The second component in Herzbergs' motivation theory involves what people actually do on the job and should be engineered into the jobs employees do in order to develop intrinsic motivation with the workforce. The motivators are
- Growth / advancement
- Interest in the job
These factors result from internal instincts in employees, yielding motivation rather than movement.
Both these approaches (hygiene and motivation) must be done simultaneously. Treat people as best you can so they have a minimum of dissatisfaction. Use people so they get achievement, recognition for achievement, interest, and responsibility and they can grow and advance in their work.

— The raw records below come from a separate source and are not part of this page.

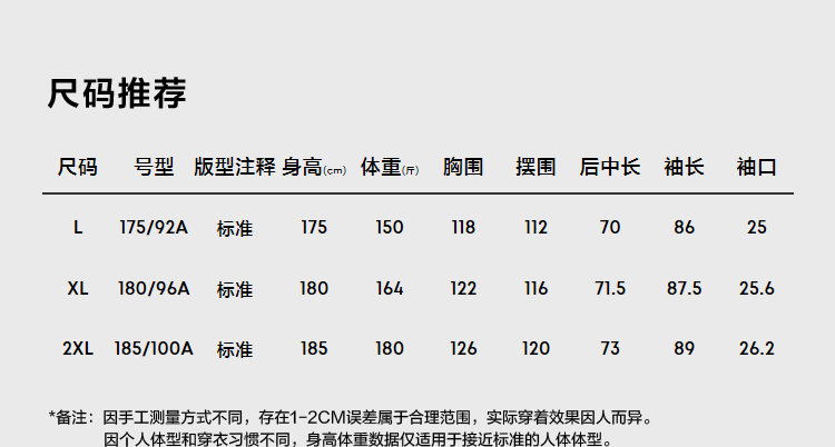 China (cm) 160-165/84-86 165-170 / 88-90 167-172 / 92-96 168-173 / 98-102 170-176 / 106-110
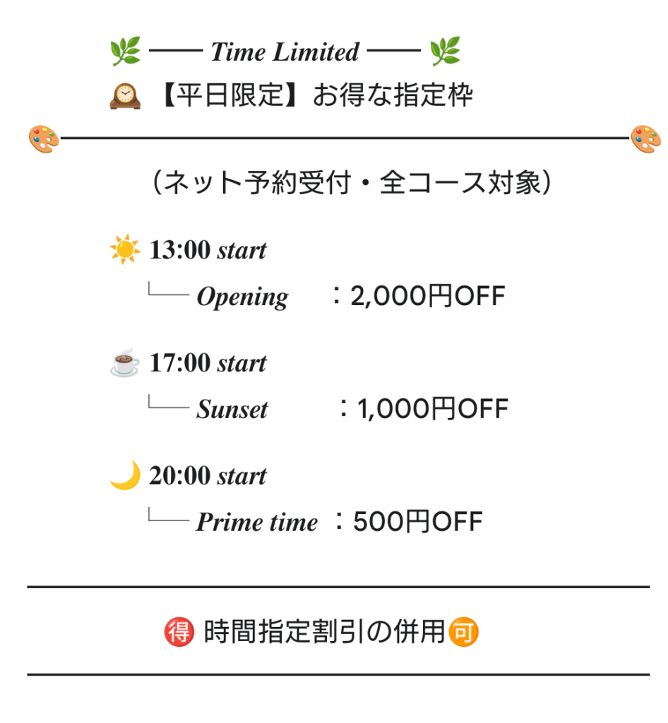 🎁時間指定のお得な割引特典
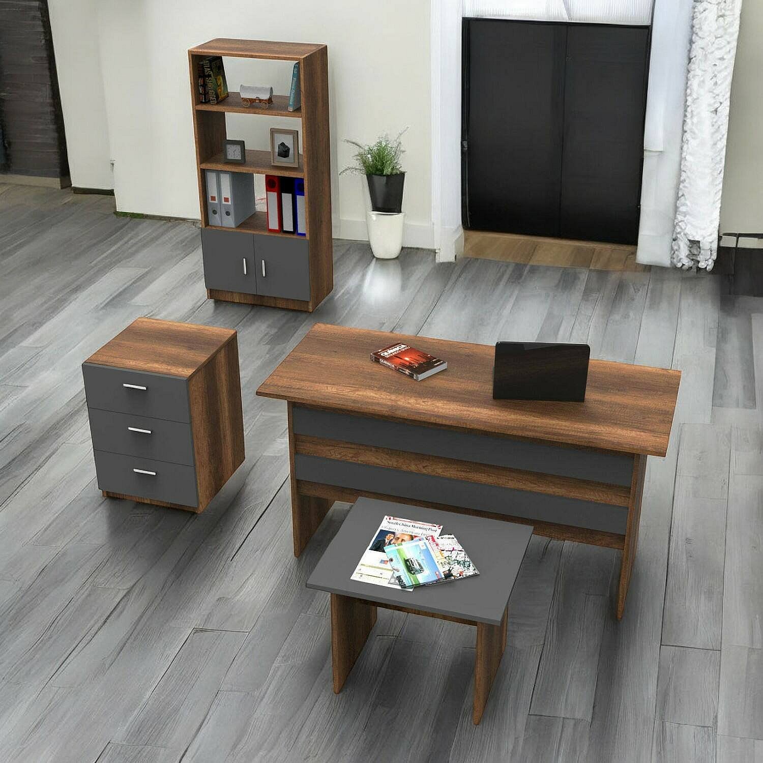 Set de bureau Dgiampagli, Composition du studio, Kit de bureau, Ensemble de bureau et de tiroirs, Noyer et Anthracite
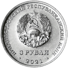 в центре – изображение Государственного герба Приднестровской Молдавской Республики; по кругу – надписи: вверху – «ПРИДНЕСТРОВСКИЙ РЕСПУБЛИКАНСКИЙ БАНК», внизу – год выпуска монеты «2021»; в нижней части под гербом – номинал «3 РУБЛЯ».
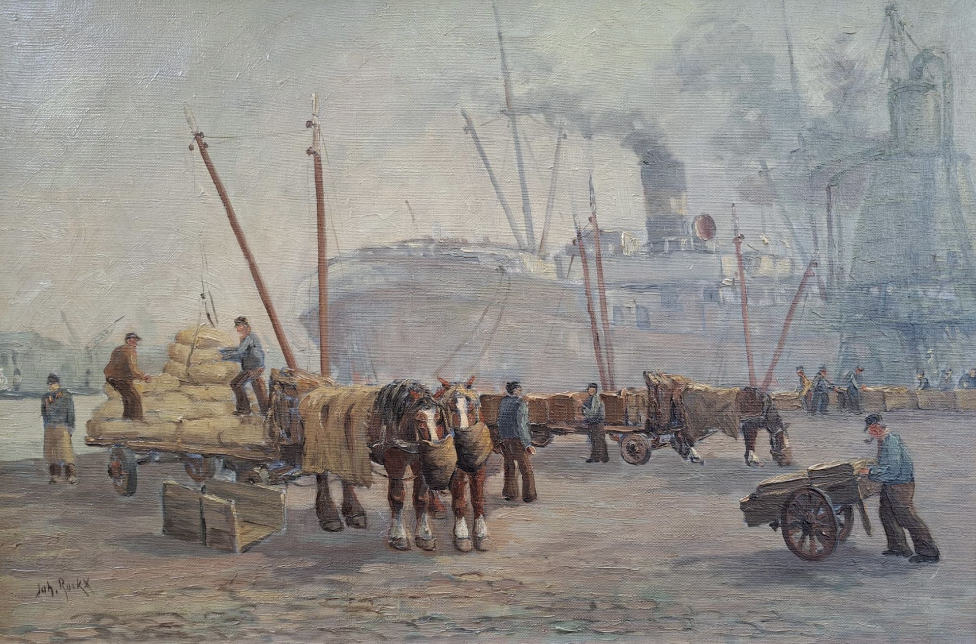 John Rockx kunstwerk • schilderij • te koop Bedrijvigheid in de haven
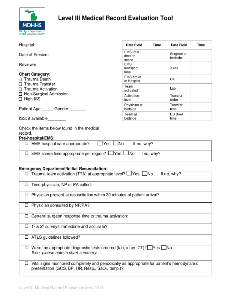 Level III Medical Record Evaluation ToolHospital:Data FieldTimeEMS total
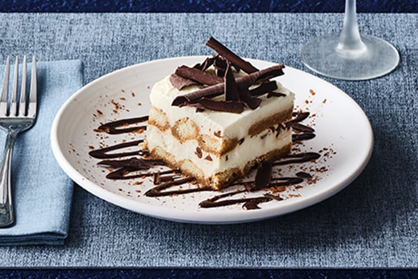 TiramisùLady fingers dipped in liqueur-laced espresso, layered with sweetened mascarpone, Myer’s Rum and chocolate shavings
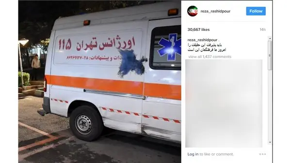 رضا رشیدپور، مجری تلویزیون با انتشار تصویرهایی از خودروهای آمبولانس و آتش نشانی که اثر انفجار ترقه و نارنجک روی آن دیده میشود در صفحه اینستاگرام خود، اعتراضش نسبت به آن چه در شب چهارشنبه سوری گذشت را نشان داد.
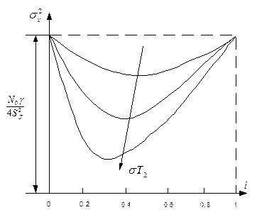 Рис. 4.40. Зависимость дисперсии от отношения постоянных времени
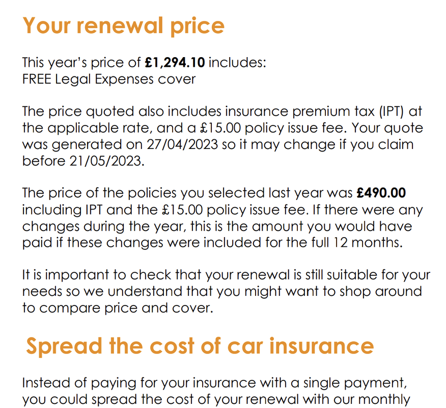 Partly but not completely I think that was something to do with a change in insurance tax &/or regs which you might have been the correct side of at renewal last year? Ended up with "flow" who were the best I could find but still about 25% higher than the previous year.
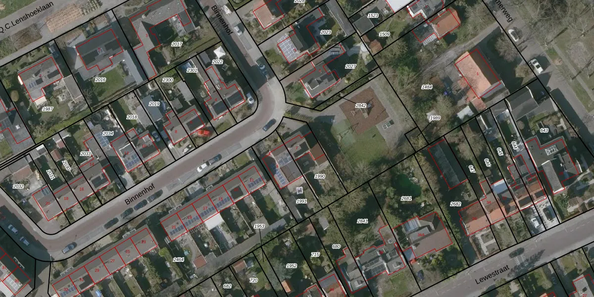 Gebruik de zoekbalk of klik op een perceel voor informatie over de adressen binnen dit perceel.
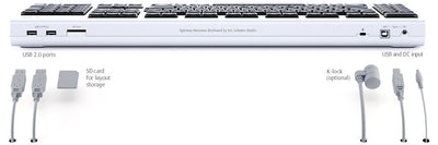 Para completar el Optimus Maximus, cuenta con dos puertos USB 2.0 y una conexión para un K-Lock. El teclado también requiere una fuente de alimentación separada de 100-240V (red europea o estadounidense), para la cual se incluyen varios adaptadores, asegurando la conexión en Europa y los EE. UU.

Therefore, the hygiene and motivation factors can be listed as follows:
- Company policies and administration
- Working conditions and interpersonal relations
- Salary, status and security
- Recognition for achievement
- Interest in the task
- Responsibility for enlarged task
- Growth and advancement to higher level tasks
Effects on Individuals of Working Environment
The working environment has an effect on individuals as follows:
- It will provide at least sufficient for his basic needs and often much more. For example, 50 years ago in the United Kingdom, food and shelter were a person's basic needs. Today, most families will consider that the basic needs also include a car, television, overseas holiday, etc.
- It may or may not provide adequate security. Again, most individuals seek a secure job, there are others including some men on oil rigs, who seek high pay for a limited period but with limited security.

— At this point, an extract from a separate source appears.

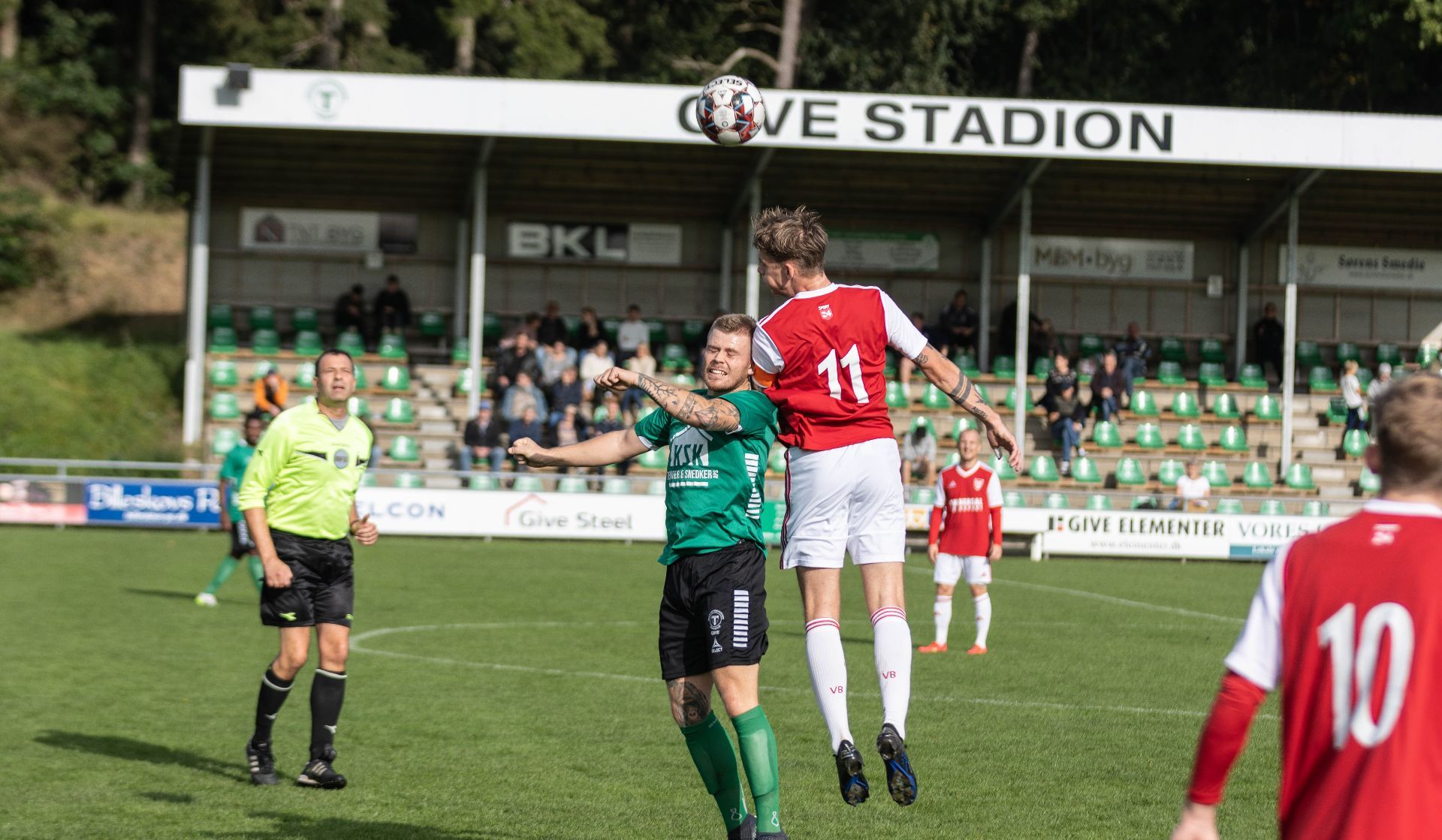 De hev den hjem med hiv og sving, men Give fik sat 3 points ind på kontoen, selv om de var i undertal i kampens slutfase, da anfører Kasper Larsen fik rødt kort. Det blev en kamp spillet den i onsdags afdøde tidligere holdleder Sv. Aage Bachs ånd, for der blev virkelig kæmpet igennem.

- It provides an individual with an identity. As a member of an organization, he carries out a specific function.
- It also gives the worker comradeship, freedom from boredom, and an interest during his working life.
- It also provides self-fulfillment for individual where consideration has been given to ensure that the job is creative and gives job satisfaction.
- It provides the individual with status. There is a status in all jobs providing the job content is investigated to make the work more interesting.
Effects on Work Groups of Working Environment
Rensis Likert has already described how the various management styles in an organization can effect the groups in an organization.
Whilst the working environment will affect individuals, it will undoubtedly have a greater effect on working groups, since whilst an individual may have certain needs, he will not obtain those needs if the working environment does not provide the needs of the working group.
The working group is the instrument of society through which in large measure the individual acquires his attitudes, opinions, goals and ideals, it is also one of the fundamental sources of discipline and social controls.
Therefore, the working environment has an effect on groups as follows:
- It will affect the morale of the group.
- It will determine whether the group achieves the objectives set by the organization.
- It will determine whether the degree of cooperation provided by the group
- It will motivate the group to give of their best.
- It will determine whether the human relations within an organization are good or bad.
- It will also affect the relations between management and trade unions.